Data below START

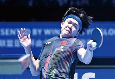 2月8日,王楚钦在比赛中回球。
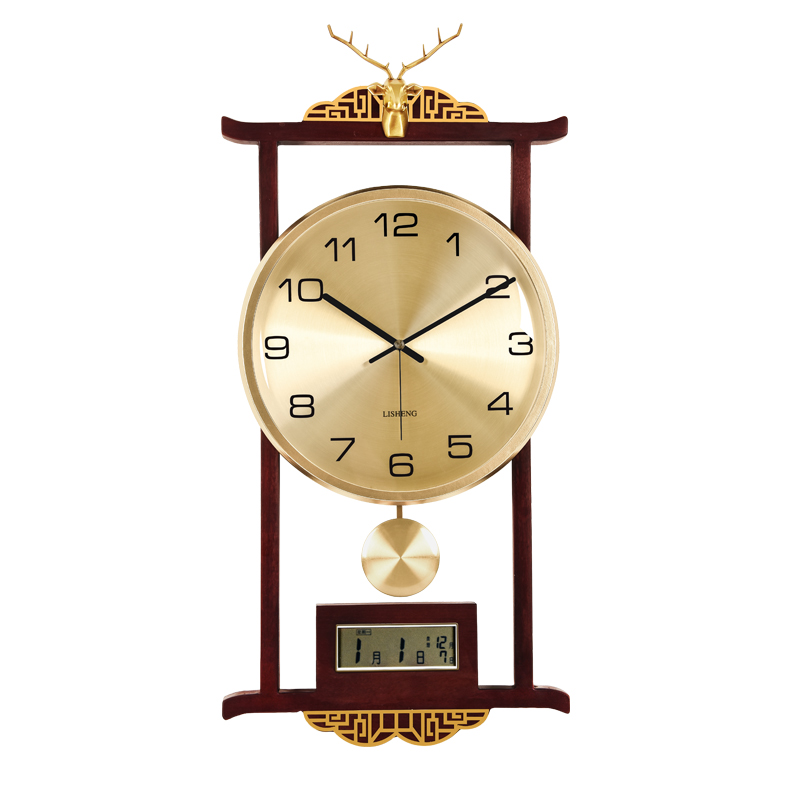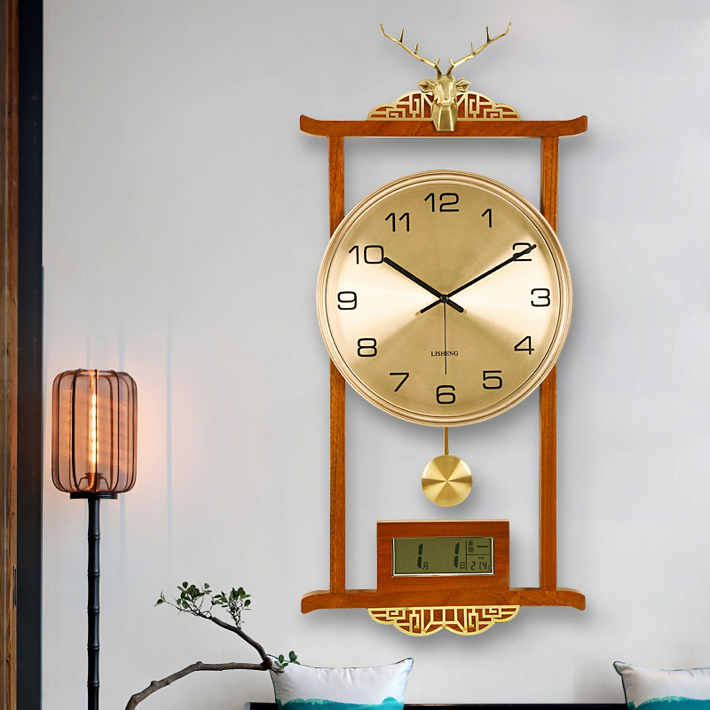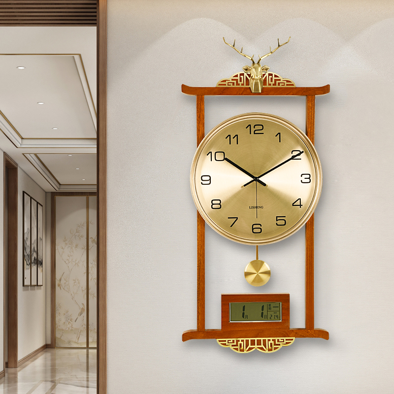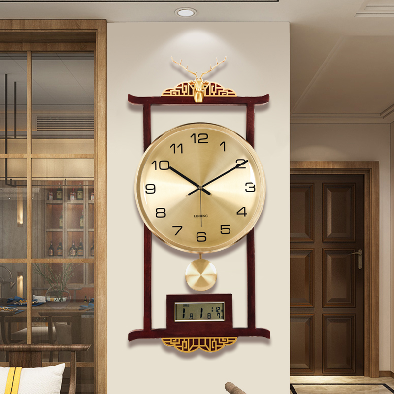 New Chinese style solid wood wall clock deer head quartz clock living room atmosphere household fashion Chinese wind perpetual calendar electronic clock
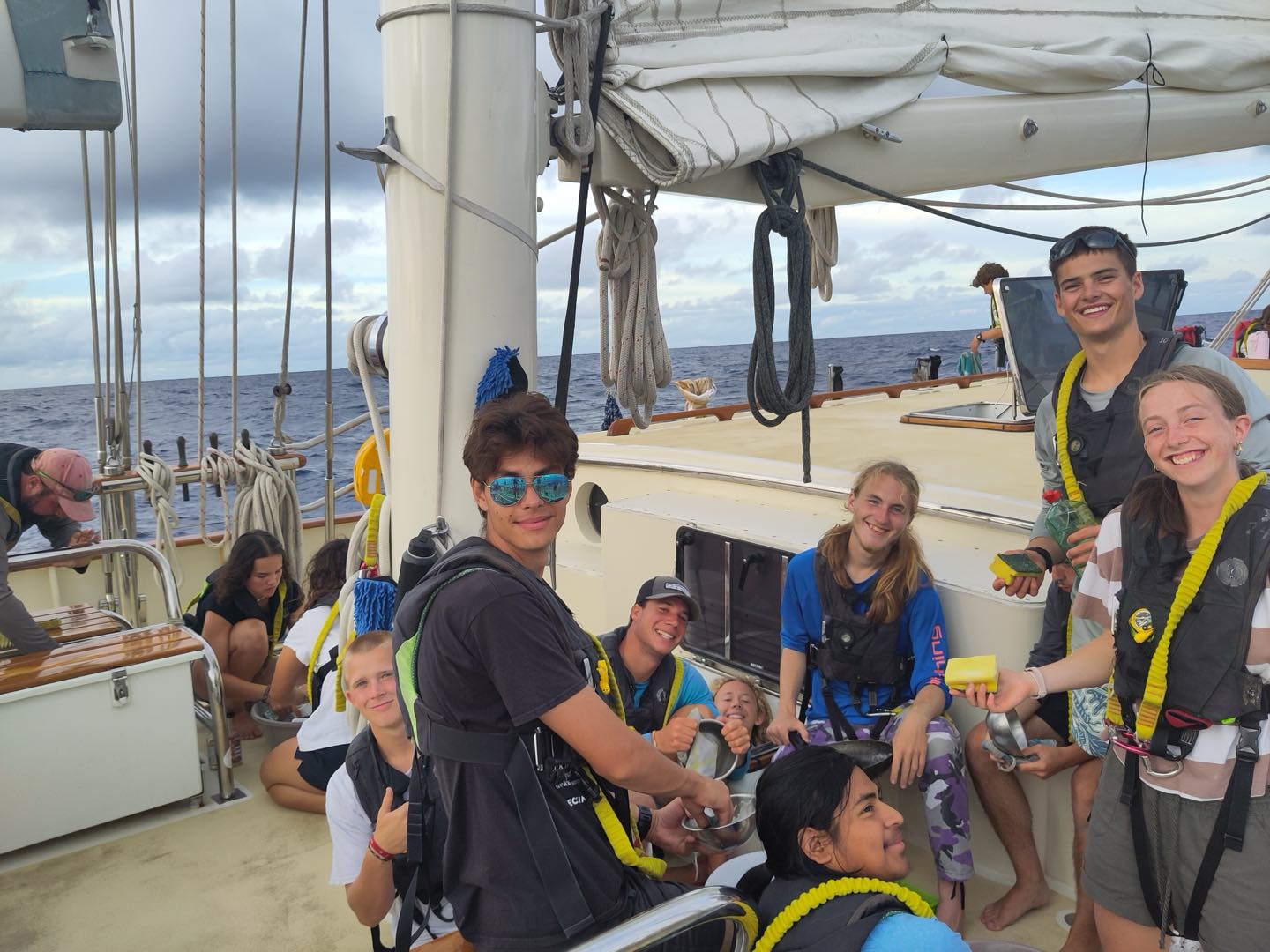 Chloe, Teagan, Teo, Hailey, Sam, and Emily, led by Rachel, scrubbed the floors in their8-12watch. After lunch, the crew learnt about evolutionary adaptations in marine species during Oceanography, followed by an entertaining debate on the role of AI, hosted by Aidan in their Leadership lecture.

Data below END

Directions :: Leave out the pictures and set down all of the data exactly.

The answer ::
 2月8日,王楚钦在比赛中回球。
 New Chinese style solid wood wall clock deer head quartz clock living room atmosphere household fashion Chinese wind perpetual calendar electronic clock
 Chloe, Teagan, Teo, Hailey, Sam, and Emily, led by Rachel, scrubbed the floors in their8-12watch. After lunch, the crew learnt about evolutionary adaptations in marine species during Oceanography, followed by an entertaining debate on the role of AI, hosted by Aidan in their Leadership lecture.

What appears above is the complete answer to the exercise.